Larrazabal, though, was floored. You might be, too. 

Thursday morning, the pro shared it to Instagram, writing: “When you recieved a note in your locker room from the @pgachampionship winner @aaron.rai1. True gentleman on and off the course. Thank you my friend, still having some goosebumps.” Below is the post, and below that are the words written on the note. 

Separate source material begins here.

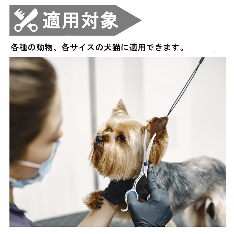 【下向き&上向き兼用はさみ】上向きはさみはペットの目、耳、足と尻周りの毛を細かくて調整できます。下向きはさみは顔、頭、ペット自身の弧度に合わせて可愛い造形を作れます。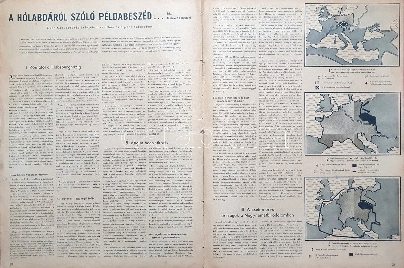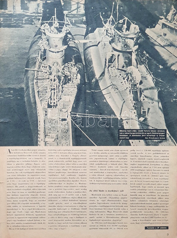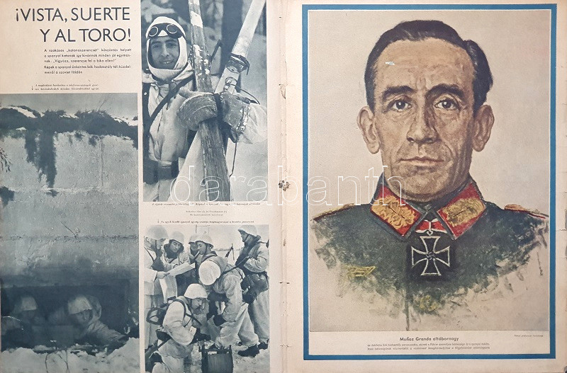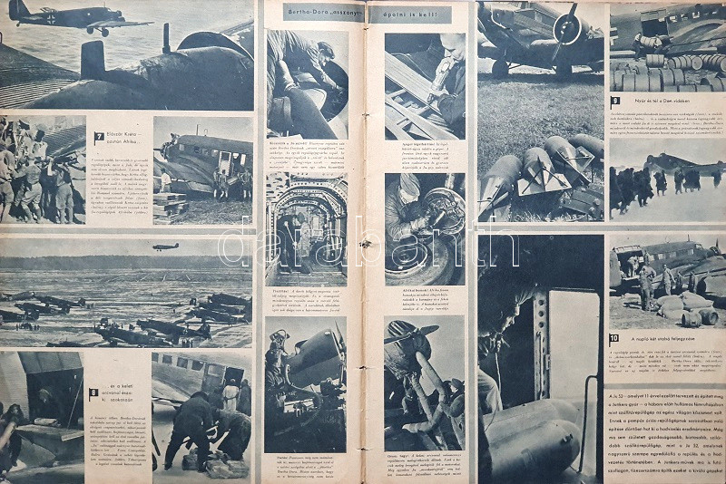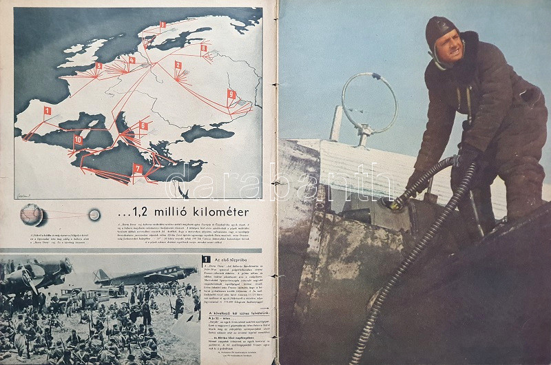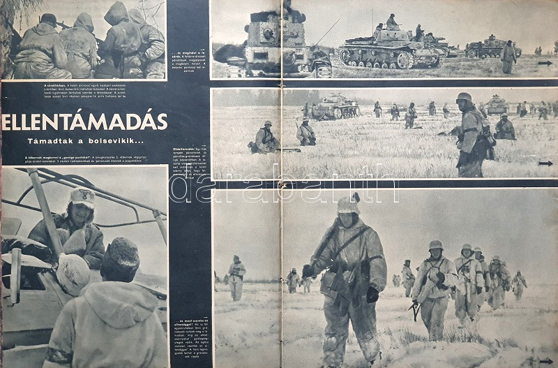 [Folyóirat] Signal. Főszerkesztő: Wilhelm Reetz. Megjelenik 14 naponként. 4. évfolyam, 4. szám. (1943. februári 2. szám.) [Német-magyar nyelvű, illusztrált háborús folyóirat.] Berlin, 1943. Deutscher Verlag und Druckerei. Folio. 35 + [3] p. A Berlinben szerkesztett, német szerzők által írt, a németek által megszállt országokban és a németekkel szövetséges országokban terjesztett, gazdagon illusztrált, kétnyelvű háborús propaganda folyóirat értelemszerűen a tengelyhatalmak háborús felkészültségét méltatja, háborús életképek és a német hadiipar nagy pillanatainak bemutatásával. A belív nyolc oldala színes felvételeket tartalmaz. Folyóiratszámunk cikkei a haditechnikai és hadiipari tájékoztatáson kívül két nagyobb témát tárgyalnak: a német helytartóság alatt élő Cseh-Morva Protektorátus új arany életét méltatják számos cikkben, valamint Anglia világhatalmi pozíciójának megrendülését elemzik a hadi és geopolitikai helyzet függvényében. A központi propagandalap magyar változatának jelen számába magyar vonatkozású hír nem jutott - a II. magyar hadsereg egyidejű, tragikus megsemmisüléséről semmilyen propagandalap nem cikkezne. Folyóiratunk értelemszerűen szerepel az Ideiglenes Nemzeti Kormány által 1945-ben betiltott művek jegyzékén. Példányunk fűzése meglazult, első fedőborítója elvált a belívtől. Fűzve, kétszínnyomású, illusztrált, sérült, enyhén hiányos, téves lapszámozású kiadói borítóban, hátsó borító nélkül.

View this post on Instagram

A post shared by Pablo Larrazabal (@plarrazabal)

Pablo, 

The guy in these pictures is who you are and he is much closer to the present you than you think. Keep fighting, keep working hard and most importantly keep believing – in each tournament, each round and each shot. 

Best wishes, 

Aaron Rai

“It just felt like the right thing to do,” Rai told the DP World Tour. 

Larrazabal thought so.

“To receive a note like that make me very happy that I’ve been doing the right things around for the last 19 years,” he told the DP World Tour. “And a guy like Aaron, he’s a major champion but a true champion. That’s how champions have to behave. When they see a rival or a friend that is down in the ground, they try the best to push us up. It doesn’t matter the pictures, it’s all about what it meant. Aaron is not only one of the best players in the world, he’s a true champion and that’s how they were when I got in love with this game 40 years ago.

“It’s not all about winning, and Aaron knows and his family teach him very very well. It’s not all about winning. It’s all about leaving a legacy. Aaron will be leaving a legacy around the world, not only because of his game, [but because of how] he behaves not only on the golf course but outside the golf course. A true gentleman.”